> [DATA SUPPLIED]:
Segment Open
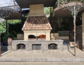 Дом облицован долговечными материалами - цоколь и фонтан выполнены из базальта, натурального камня темных природных оттенков. Фасад в более светлых тонах и облицован ферзитом, натуральным камнем, близким по своим свойствам к граниту. Кровля керамическая черепица производство Италия.
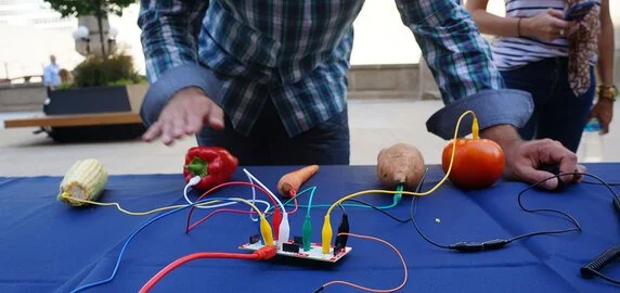 As part of the community events, we also created some unique activities, one of which was a capacitive touch-driven vegetable synthesizer.
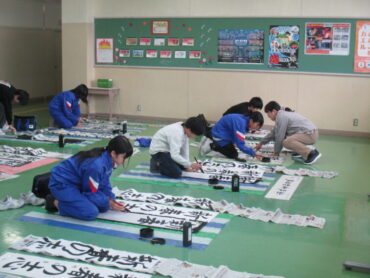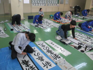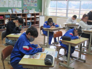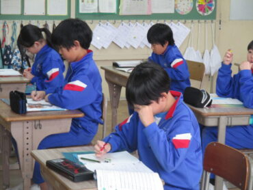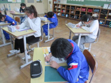6年生は、書写の時間でした。書初練習をしていました。一文字一文字丁寧に書き進めていました。
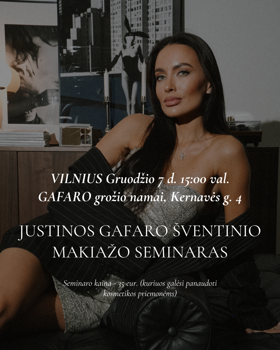JUSTINOS GAFARO ŠVENTINIO MAKIAŽO SEMINARAS 12.07 D. VILNIUJE
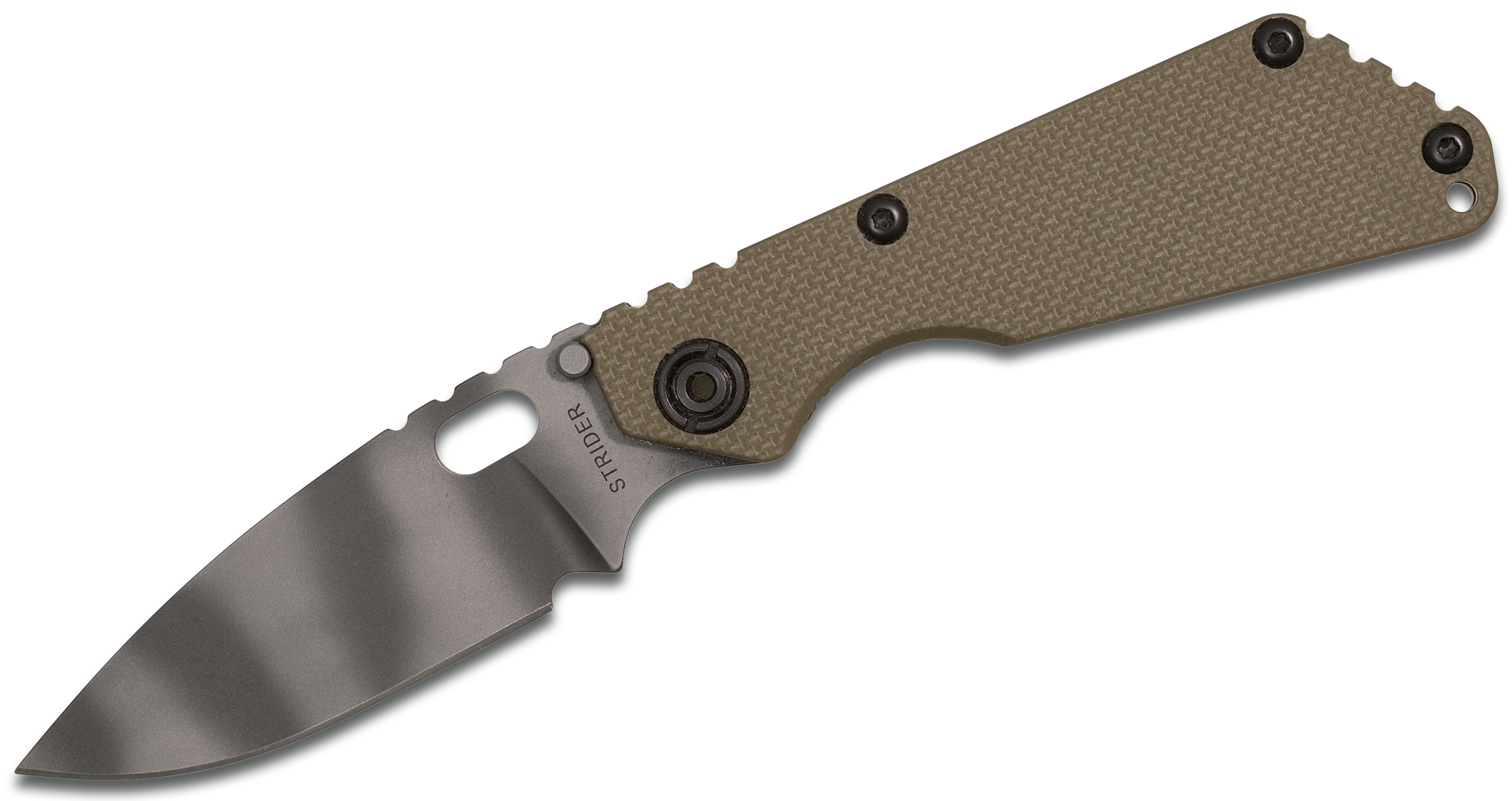 Strider Knives SnG Folding Knife 3.5" PSF27 Tigerstriped Blade, OD Green G10/Flamed Titanium Handle, Frame Lock - SnG-S
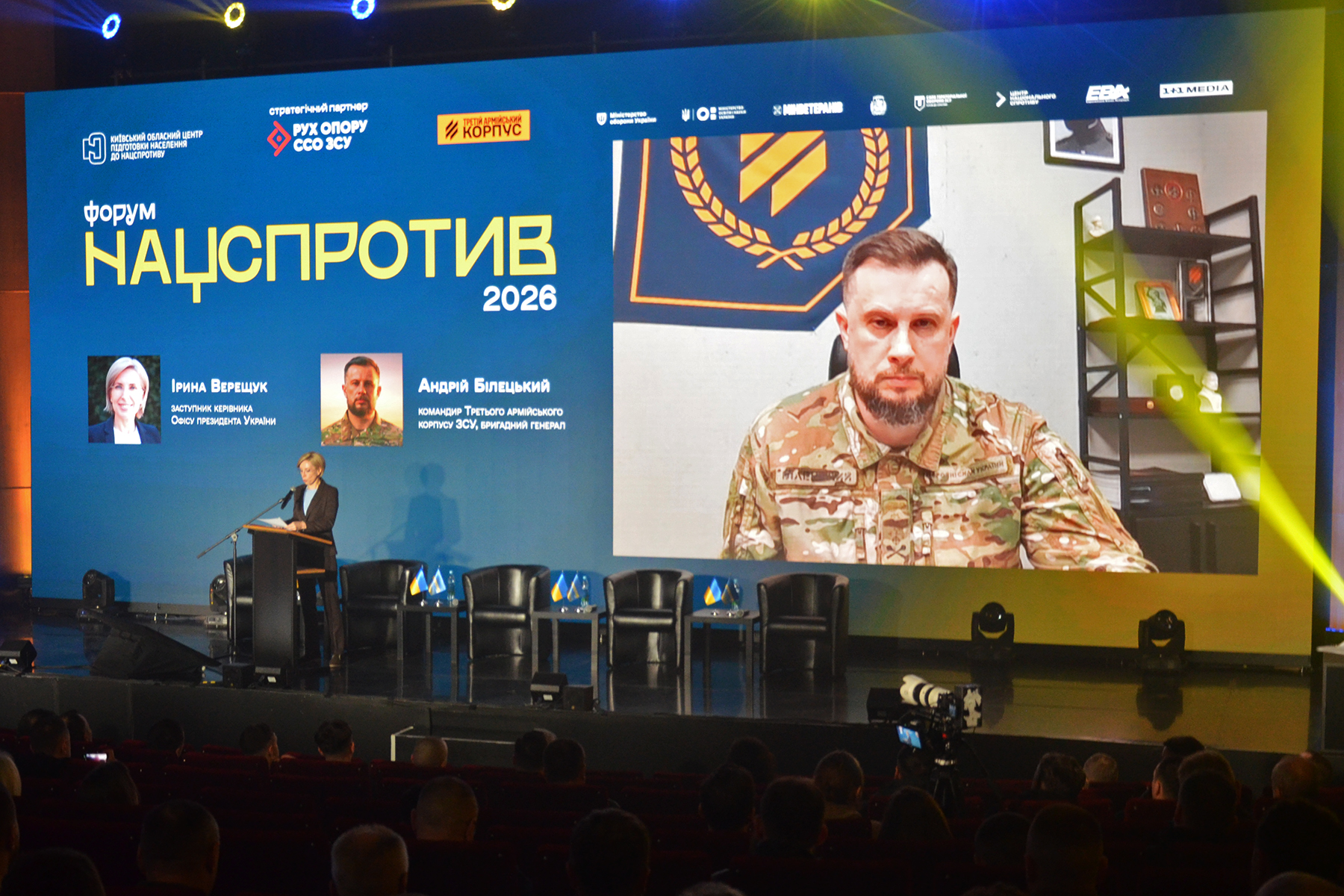 Форум відкрила та модерувала першу панель заступниця керівника Офісу Президента Ірина Верещук, долучилися представники Сил територіальної оборони, командування Третього армійського корпусу та начальники Закарпатської, Запорізької та Харківської областей, які мають розвинуті системи центрів нацспротиву.
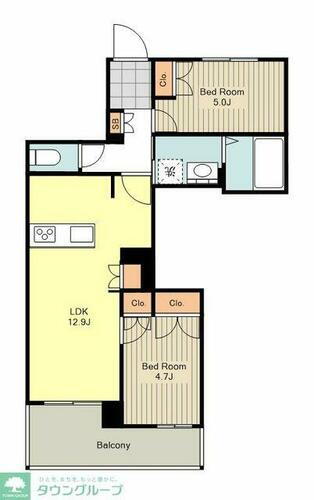 2LDK(LDK12.9帖 洋室5.0帖 洋室4.7帖) |
Segment Closed
> [ASSIGNED TASK]:
Go through the data above and print exactly the lines from its first line through the line holding "6年生は、書写の時間でした。", both included, leaving pictures aside.

> [SOLUTION]:
 Дом облицован долговечными материалами - цоколь и фонтан выполнены из базальта, натурального камня темных природных оттенков. Фасад в более светлых тонах и облицован ферзитом, натуральным камнем, близким по своим свойствам к граниту. Кровля керамическая черепица производство Италия.
 As part of the community events, we also created some unique activities, one of which was a capacitive touch-driven vegetable synthesizer.
6年生は、書写の時間でした。書初練習をしていました。一文字一文字丁寧に書き進めていました。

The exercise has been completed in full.